### [SUPPLIED DATA]

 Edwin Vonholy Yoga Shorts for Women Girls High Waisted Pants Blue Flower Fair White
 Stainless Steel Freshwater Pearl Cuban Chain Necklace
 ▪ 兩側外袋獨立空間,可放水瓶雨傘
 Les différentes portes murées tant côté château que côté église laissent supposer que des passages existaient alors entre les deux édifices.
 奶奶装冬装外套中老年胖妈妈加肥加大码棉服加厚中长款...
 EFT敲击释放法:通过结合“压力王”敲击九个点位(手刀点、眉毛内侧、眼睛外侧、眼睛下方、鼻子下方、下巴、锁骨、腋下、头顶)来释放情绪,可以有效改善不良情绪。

---

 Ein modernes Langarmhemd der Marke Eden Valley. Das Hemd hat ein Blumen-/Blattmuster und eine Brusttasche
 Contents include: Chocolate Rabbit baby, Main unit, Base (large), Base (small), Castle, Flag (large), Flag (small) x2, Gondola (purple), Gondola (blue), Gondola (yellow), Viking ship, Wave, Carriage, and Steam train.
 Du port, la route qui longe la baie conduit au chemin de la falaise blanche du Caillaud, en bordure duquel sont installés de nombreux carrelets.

### [THE PROBLEM]
Please reproduce the lines from the line with "Ein modernes Langarmhemd" to the line with "Du port, la", both ends included, exactly as they appear above.

### [SOLUTION TO THE EXERCISE]
 Ein modernes Langarmhemd der Marke Eden Valley. Das Hemd hat ein Blumen-/Blattmuster und eine Brusttasche
 Contents include: Chocolate Rabbit baby, Main unit, Base (large), Base (small), Castle, Flag (large), Flag (small) x2, Gondola (purple), Gondola (blue), Gondola (yellow), Viking ship, Wave, Carriage, and Steam train.
 Du port, la route qui longe la baie conduit au chemin de la falaise blanche du Caillaud, en bordure duquel sont installés de nombreux carrelets.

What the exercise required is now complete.